Martin Dillon has his uses. On his say-so Urban dismisses Holroyd and Bruce dismisses Albert Baker. (pp. 211/2) Bruce gives a long quote from Dillon explaining how Baker’s allegations went from prison, out to the Provos, thence to Ken Livingstone and finally back to Baker again when Livingstone interviewed him in prison. So, argues Bruce (after Dillon), Ken Livingstone confirmed to Baker his own allegations. Nice theory, which Dillon (or Bruce) would have discovered to be false by ringing any of the people involved. In fact Ken Livingstone got onto Baker through his researcher at the time, Neil Grant, who was put on to Baker by a member of the Birmingham 6 campaign as a possible source — not on Protestant-state collaboration — but on the Kincora Boys Home story on which Grant was working at the time. This account of Dillon’s is simply a fiction.

Bruce’s animus against Wallace and Holroyd is bizarre. Despite having read Paul Foot’s book on Wallace, on p. 70 he states that Wallace ‘seems’ — seems! — ‘to have worked on intelligence matters and ‘black propaganda’ ‘, and then provides an inaccurate account of the Ulster Citizens Army (UCA) story. (On which see my piece in Lobster 14). Bruce has problems with the UCA. In his glossary of Protestant groupings at the beginning of the book he describes the UCA as ‘a completely fictitious left-wing loyalist paramilitary organization invented by British intelligence’. By p. 71 he has changed his mind and says ‘the British Army may not have been the inventor of the UCA.’ In fact, as the Information Policy briefing on the UCA reproduced in Lobster 14 showed, the UCA was quite definitely not the invention of ‘British intelligence’. It just looks like one.

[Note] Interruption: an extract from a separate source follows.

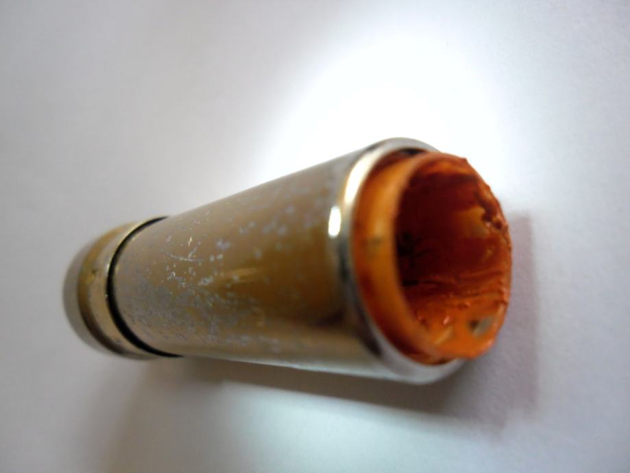 Star(insk)i ruž za usne, potrošen, s ostacima sadržaja. Karakterističan miris ruža je očuvan.

His use of the term ‘British intelligence’ is revealing. Only those still ignorant of the spook dimension to recent history use that expression. Knowledge entails disaggregation. Bruce’s index includes a reference to a tiny Scottish Protestant group, the Young Cowdenbeath Volunteers, but no reference to MI5, MI6, the RUC Special Branch or Information Policy.

It’s not that the book isn’t interesting — it is. Like Dillon’s and Urban’s it contains many interesting bits and pieces, some of which may even be true. But since virtually all the sources are anonymous, mostly we can’t tell. And the British state’s forces, especially its clandestine forces, are almost completely missing from Bruce’s account.

How important are the spooks in this story? How can we tell? In the end the IRA is still there — so they are not all powerful. Finer discrimination than that? In 1987 James Miller, sometime UDA ‘intelligence officer’, told Barry Penrose that MI5 told him to encourage the UDA to call what became the 1974 UWC strike. (Penrose telephoned a rather startled MI5 officer who was Miller’s ‘handler’. He took an informative beat or two to work out who Penrose was.) But it seems certain to me that there would have been a UWC strike anyway. Miller’s testimony tells us more about MI5’s ambitions and political inclinations than it does about the UWC strike. But no matter what political, causal weight you attribute to the spooks in Northern Ireland, they ought to be in there somewhere.

In the end Bruce’s determination to exculpate the state’s forces from blame gets silly. Looking at the record of the Ulster Defence Regiment, he points out (p. 222) that in the 19 years of its existence ‘only 23 have been convicted of murder or manslaughter……. [and] the record of the UDR is exemplary when set against that of armies and police forces in Latin America’. 23 members of one regiment convicted? So how many not convicted but guilty? The figures are there: the UDR’s record was appalling. It was the sectarian outfit the republicans said it was. That’s why it got disbanded. But hell, why stop with Guatemala and Argentina? Why not add Stalin, or Hitler? Compared to the SS, it is true, the UDR was exemplary in its conduct.
He really does this, I kid you not. A Professor, too.